+++ EXERCISE DATA
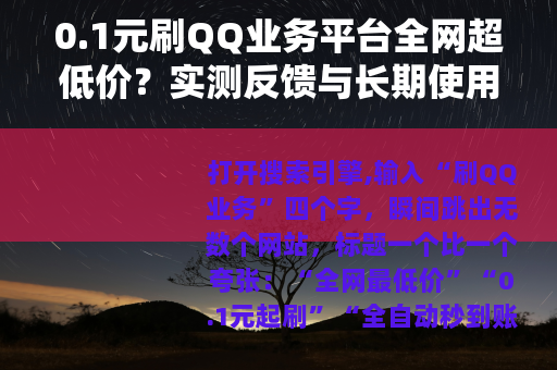 打开搜索引擎,输入“刷QQ业务”四个字,瞬间跳出无数个网站,标题一个比一个夸张:“全网最低价”“0.1元起刷”“全自动秒到账”,尤其是那些打着“全网超低价刷QQ业务平台0.1”字样的,几乎每页都有三四个,作为一个从2018年就开始接触这类服务的用户,我前前后后试过不下二十个平台,花过几百块,也踩过不少坑,今天这篇内容,我想抛开那些官方套话,纯粹从一个普通用户的角度,把这类低价刷业务平台的真实面貌、运作逻辑、价格差异背后的原因,以及长期使用下来我总结出的几个要点,一次性说清楚。
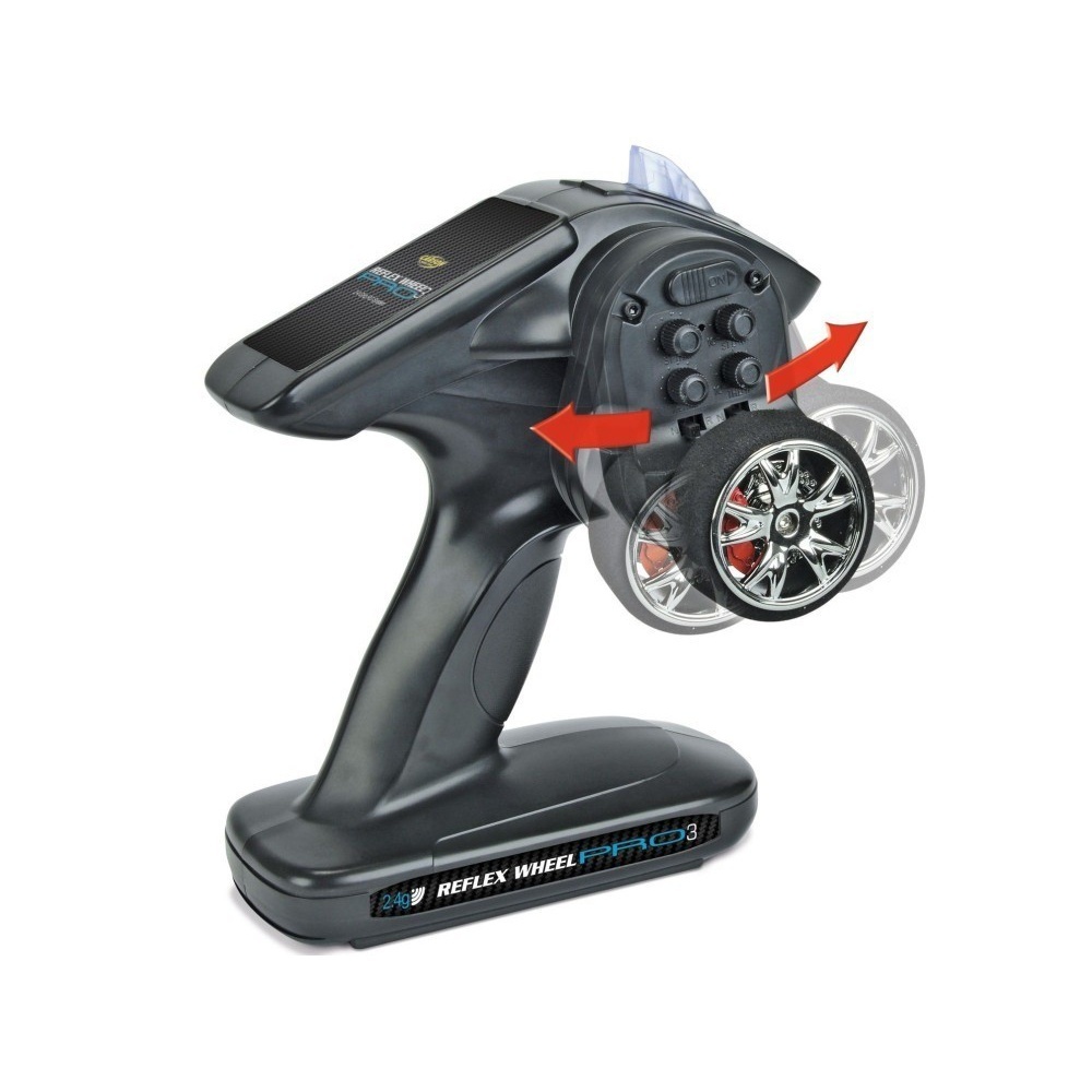 Proporcionální ovládání a Dual-rate výchylky umožňují, aby byl každý model velmi citlivě řízen. Kromě toho může být plyn pro začátečníky a děti omezený. Chromový volant s pěnovou gumovou uchopovací plochou umožňuje přesné ovládání. Integrovaná funkce automatického zastavení Fail-safe v přijímači je záchranný systém pro váš model. Tento systém dálkového ovládání je ideální pro všechny oblasti RC-Car modelů.
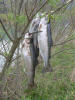 Die Forellen waren 46 cm bzw. 42 cm groß und gingen, trotz ihrer schweren Verletzungen, normal an den Haken.
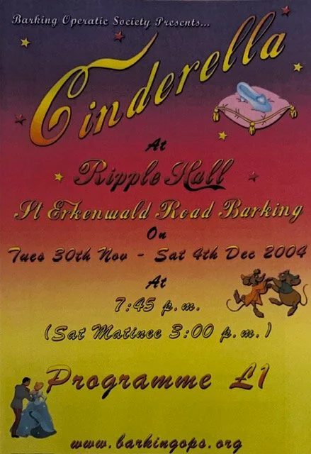 A colorful poster advertising a Cinderella event at Ripple Hall on Erkenwald Road Barking from November 30th to December 4th, 2004, with showtimes at 7:45 pm and matinee at 3:00 pm, and featuring a prince and princess illustration.
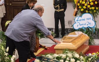 A rendere omaggio all’attore, scomparso lunedì a 84 anni, sono arrivati anche il ministro Franceschini, Enrico Montesano, Lino Banfi, Grillo e Casaleggio. Alla Casa del Cinema la cerimonia con familiari e amici - TUTTI I VIDEO
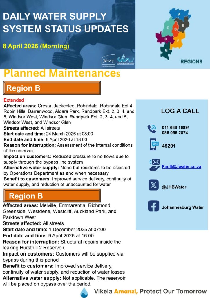 Joburg Water: Planned Maintenance – 8 April 2026
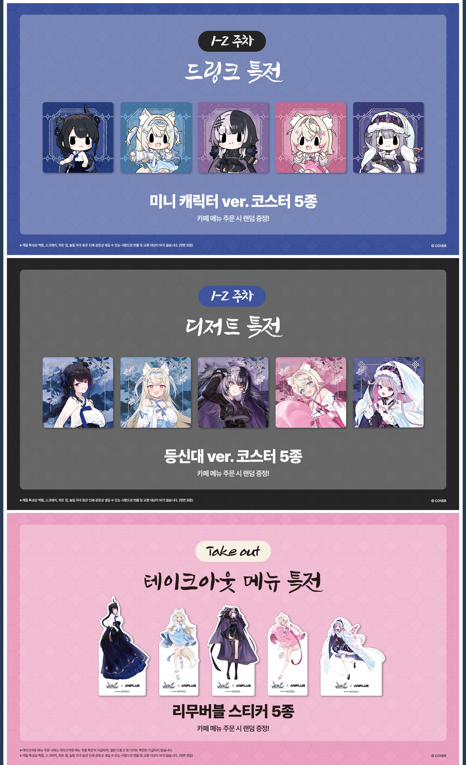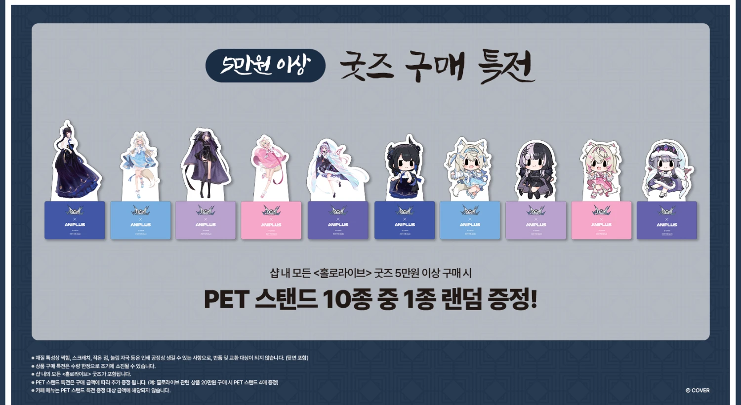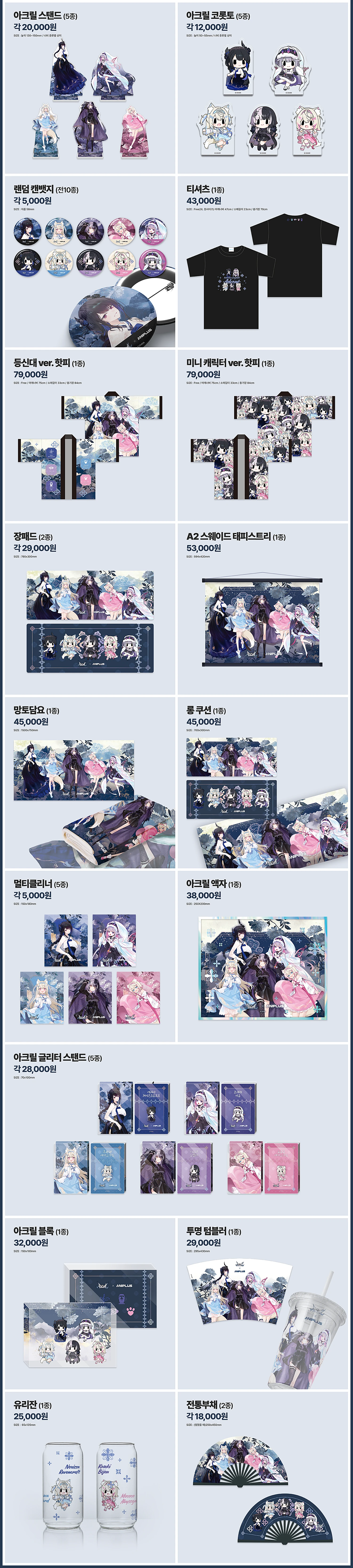 이번 콜라보의 핵심은 단연 한국 팬들을 위해 새롭게 그려진 단독 일러스트이며, 시오리 노벨라 / 코세키 비쥬 / 네리사 레이븐크로프트, 그리고 후와와&모코코 어비스가드 자매가 각자의 상징색이 돋보이는 개량 한복을 입은 모습으로 등장하여 팬들의 시선을 사로잡았다. 특히 이 일러스트를 활용한 아크릴 스탠드(20,000원), 장패드(29,000원), 그리고 한국적인 미를 극대화한 전통부채(18,000원), 핫피 등은 이번 콜라보에서만 만날 수 있는 핵심 굿즈로 꼽힌다.
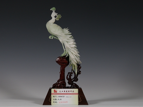 《孔雀》作品以孔雀造型为基础,淋漓尽致的展示了独山玉雕刻之美,工艺属于当代玉雕顶尖水平并荣获2016年天工奖优秀作品奖,是一件值得收藏的玉雕佳品。
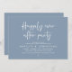 Celebrate the magical evening after “I do” with this sophisticated and romantic wedding reception dinner and dancing invitation — perfect for honoring the couple celebrating their big day. Design Highlights, Modern minimalist aesthetic with bold serif typography and flowing script, “Happily ever after party” headline sets a dreamy, timeless tone, Clean layout with ample space for all essential details (date, time, venue, RSVP info) and Crisp white text on dusty blue background — classic, chic, and effortlessly elegant. Perfect for Intimate rehearsal dinners, Pre-wedding celebrations with family and close friends and Couples who love modern calligraphy and understated luxury.
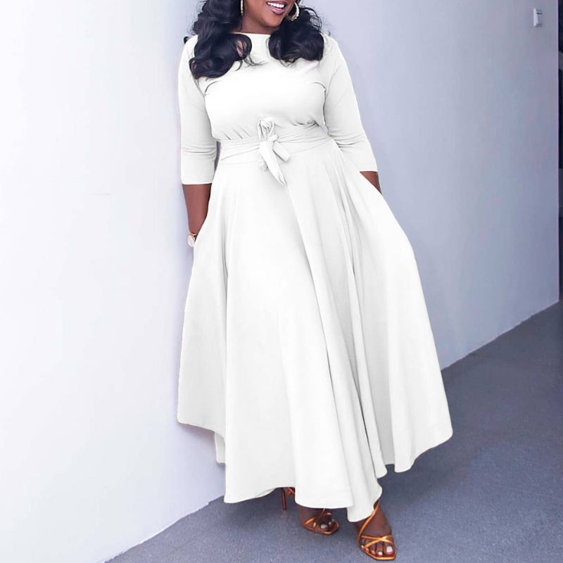 Features:Dress, crew neck, cinched waist, high waist, three-quarter sleeves, side pocket, solid color, tie-up, loose.
++++++
## WHAT NEEDS TO BE DONE
Return the data exactly. Pictures stay out.

## ANSWER SECTION
 打开搜索引擎,输入“刷QQ业务”四个字,瞬间跳出无数个网站,标题一个比一个夸张:“全网最低价”“0.1元起刷”“全自动秒到账”,尤其是那些打着“全网超低价刷QQ业务平台0.1”字样的,几乎每页都有三四个,作为一个从2018年就开始接触这类服务的用户,我前前后后试过不下二十个平台,花过几百块,也踩过不少坑,今天这篇内容,我想抛开那些官方套话,纯粹从一个普通用户的角度,把这类低价刷业务平台的真实面貌、运作逻辑、价格差异背后的原因,以及长期使用下来我总结出的几个要点,一次性说清楚。
 Proporcionální ovládání a Dual-rate výchylky umožňují, aby byl každý model velmi citlivě řízen. Kromě toho může být plyn pro začátečníky a děti omezený. Chromový volant s pěnovou gumovou uchopovací plochou umožňuje přesné ovládání. Integrovaná funkce automatického zastavení Fail-safe v přijímači je záchranný systém pro váš model. Tento systém dálkového ovládání je ideální pro všechny oblasti RC-Car modelů.
 Die Forellen waren 46 cm bzw. 42 cm groß und gingen, trotz ihrer schweren Verletzungen, normal an den Haken.
 A colorful poster advertising a Cinderella event at Ripple Hall on Erkenwald Road Barking from November 30th to December 4th, 2004, with showtimes at 7:45 pm and matinee at 3:00 pm, and featuring a prince and princess illustration.
 A rendere omaggio all’attore, scomparso lunedì a 84 anni, sono arrivati anche il ministro Franceschini, Enrico Montesano, Lino Banfi, Grillo e Casaleggio. Alla Casa del Cinema la cerimonia con familiari e amici - TUTTI I VIDEO
 Joburg Water: Planned Maintenance – 8 April 2026
 이번 콜라보의 핵심은 단연 한국 팬들을 위해 새롭게 그려진 단독 일러스트이며, 시오리 노벨라 / 코세키 비쥬 / 네리사 레이븐크로프트, 그리고 후와와&모코코 어비스가드 자매가 각자의 상징색이 돋보이는 개량 한복을 입은 모습으로 등장하여 팬들의 시선을 사로잡았다. 특히 이 일러스트를 활용한 아크릴 스탠드(20,000원), 장패드(29,000원), 그리고 한국적인 미를 극대화한 전통부채(18,000원), 핫피 등은 이번 콜라보에서만 만날 수 있는 핵심 굿즈로 꼽힌다.
 《孔雀》作品以孔雀造型为基础,淋漓尽致的展示了独山玉雕刻之美,工艺属于当代玉雕顶尖水平并荣获2016年天工奖优秀作品奖,是一件值得收藏的玉雕佳品。
 Celebrate the magical evening after “I do” with this sophisticated and romantic wedding reception dinner and dancing invitation — perfect for honoring the couple celebrating their big day. Design Highlights, Modern minimalist aesthetic with bold serif typography and flowing script, “Happily ever after party” headline sets a dreamy, timeless tone, Clean layout with ample space for all essential details (date, time, venue, RSVP info) and Crisp white text on dusty blue background — classic, chic, and effortlessly elegant. Perfect for Intimate rehearsal dinners, Pre-wedding celebrations with family and close friends and Couples who love modern calligraphy and understated luxury.
 Features:Dress, crew neck, cinched waist, high waist, three-quarter sleeves, side pocket, solid color, tie-up, loose.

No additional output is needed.